-- WHAT IS EXPECTED --
Transcribe all the entries word for word, skipping the pictures.

------------------------------------------------------------

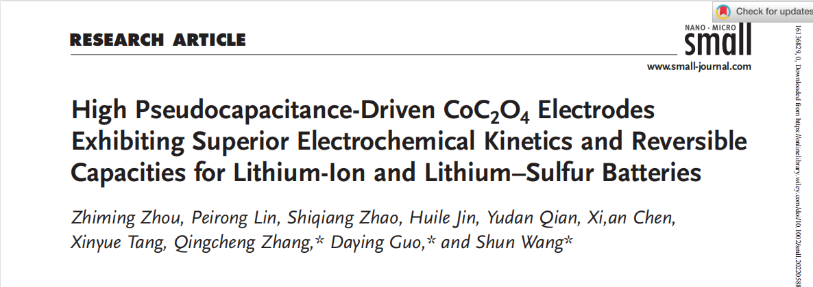 这一研究结果以“High Pseudocapacitance-driven CoC2O4 Electrodes Exhibiting Superior Electrochemical Kinetics and Reversible Capacities for Lithium-ion and Lithium-Sulfur Batteries”为题发表在国际权威期刊《Small》(IF=15.153),51黑料网
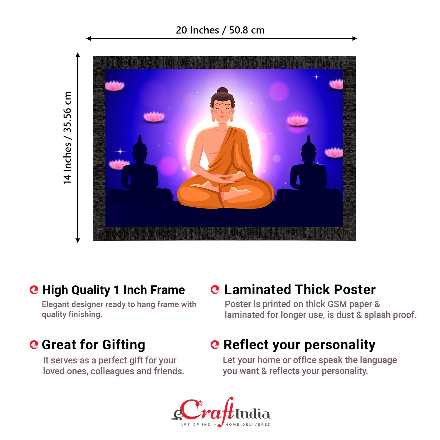 Product Description - Decorate your home & office walls with these artistic design Satin Matt Texture Framed UV Art Painting from eCraftIndia. Each design reflects the artistic qualities and time one has taken to design this painting. Exquisitely printed and framed, it is also a perfect gifting option for your colleagues, loved ones and family members. These frames don't include glass so it is very light weight and wet cloth can be used to clean it.
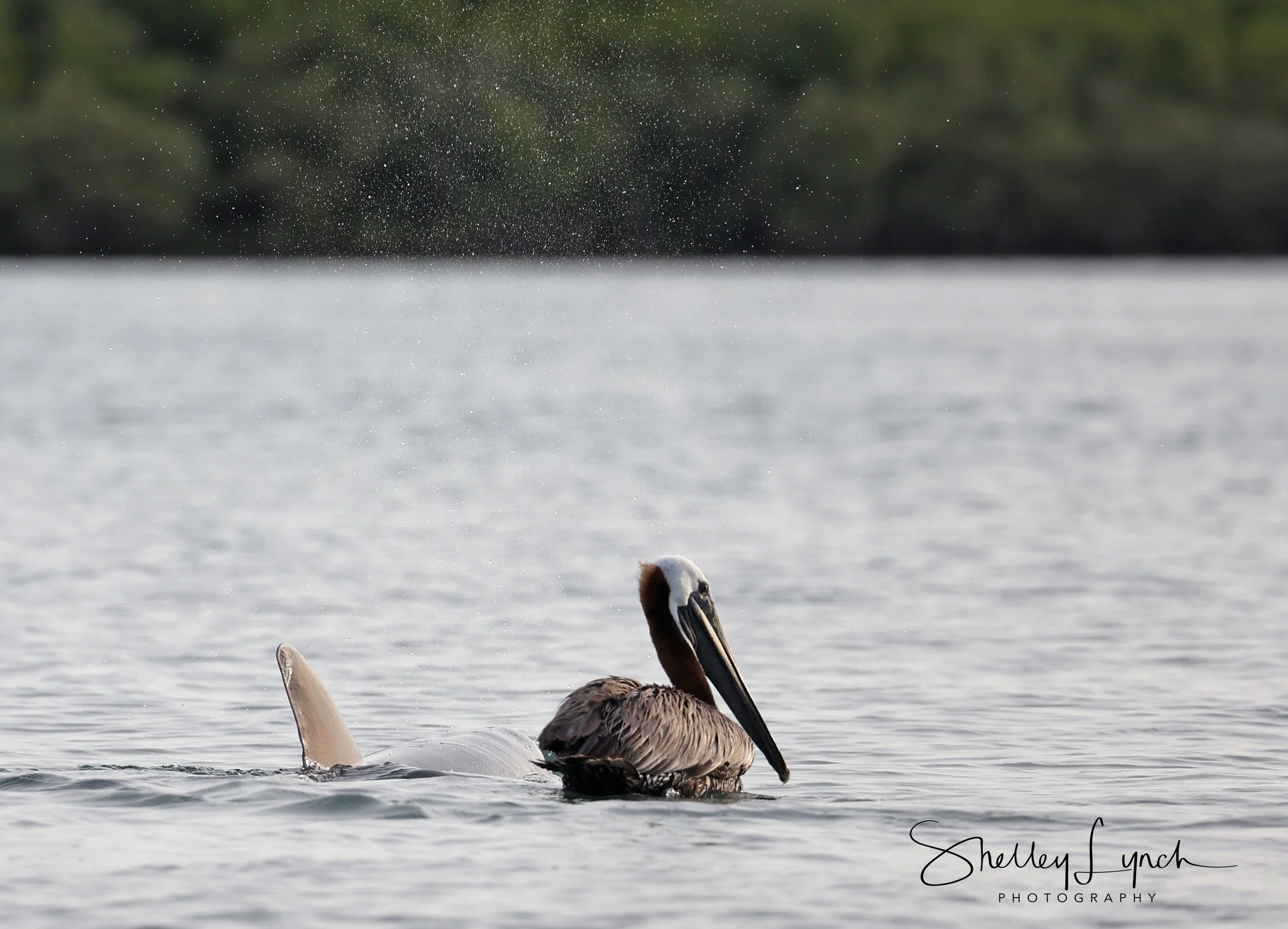 After sunrise Momma Jade , her latest baby and another adult stopped by to enjoy a little quiet time together. A solo pelican joined in to relax with her flippered friends.
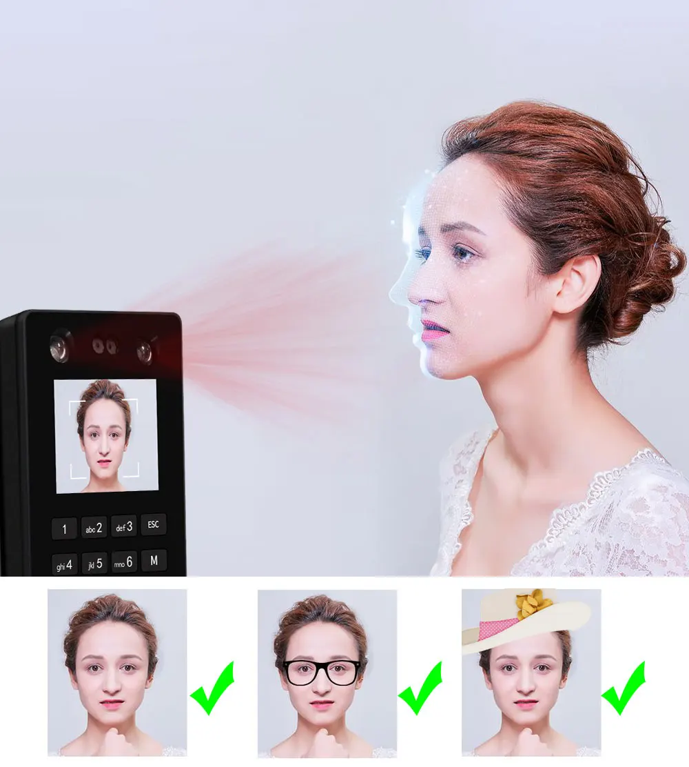 Это устройство не только препятствует использованию сотрудниками фото или видео посещаемости, но и интеллектуально распознает изменения в вашем внешнем виде. Даже при макияже, шляпе или очках эта машинка может быстро и точно распознавать лица. Экономьте время и Повышайте эффективность.
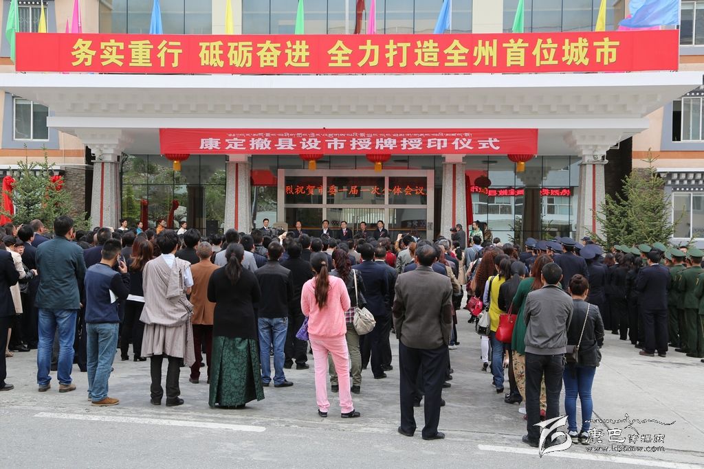 康定從1991年開始啟動(dòng)撤縣設(shè)市申報(bào)工作,經(jīng)過(guò)24年的不懈努力和積極爭(zhēng)取,2015年2月17日,經(jīng)國(guó)務(wù)院批準(zhǔn),國(guó)家民政部批復(fù),同意撤銷康定縣設(shè)立康定市,康定成為我省藏區(qū)首個(gè)縣級(jí)市。

------------------------------------------------------------

-- YOUR RESPONSE --
 这一研究结果以“High Pseudocapacitance-driven CoC2O4 Electrodes Exhibiting Superior Electrochemical Kinetics and Reversible Capacities for Lithium-ion and Lithium-Sulfur Batteries”为题发表在国际权威期刊《Small》(IF=15.153),51黑料网
 Product Description - Decorate your home & office walls with these artistic design Satin Matt Texture Framed UV Art Painting from eCraftIndia. Each design reflects the artistic qualities and time one has taken to design this painting. Exquisitely printed and framed, it is also a perfect gifting option for your colleagues, loved ones and family members. These frames don't include glass so it is very light weight and wet cloth can be used to clean it.
 After sunrise Momma Jade , her latest baby and another adult stopped by to enjoy a little quiet time together. A solo pelican joined in to relax with her flippered friends.
 Это устройство не только препятствует использованию сотрудниками фото или видео посещаемости, но и интеллектуально распознает изменения в вашем внешнем виде. Даже при макияже, шляпе или очках эта машинка может быстро и точно распознавать лица. Экономьте время и Повышайте эффективность.
 康定從1991年開始啟動(dòng)撤縣設(shè)市申報(bào)工作,經(jīng)過(guò)24年的不懈努力和積極爭(zhēng)取,2015年2月17日,經(jīng)國(guó)務(wù)院批準(zhǔn),國(guó)家民政部批復(fù),同意撤銷康定縣設(shè)立康定市,康定成為我省藏區(qū)首個(gè)縣級(jí)市。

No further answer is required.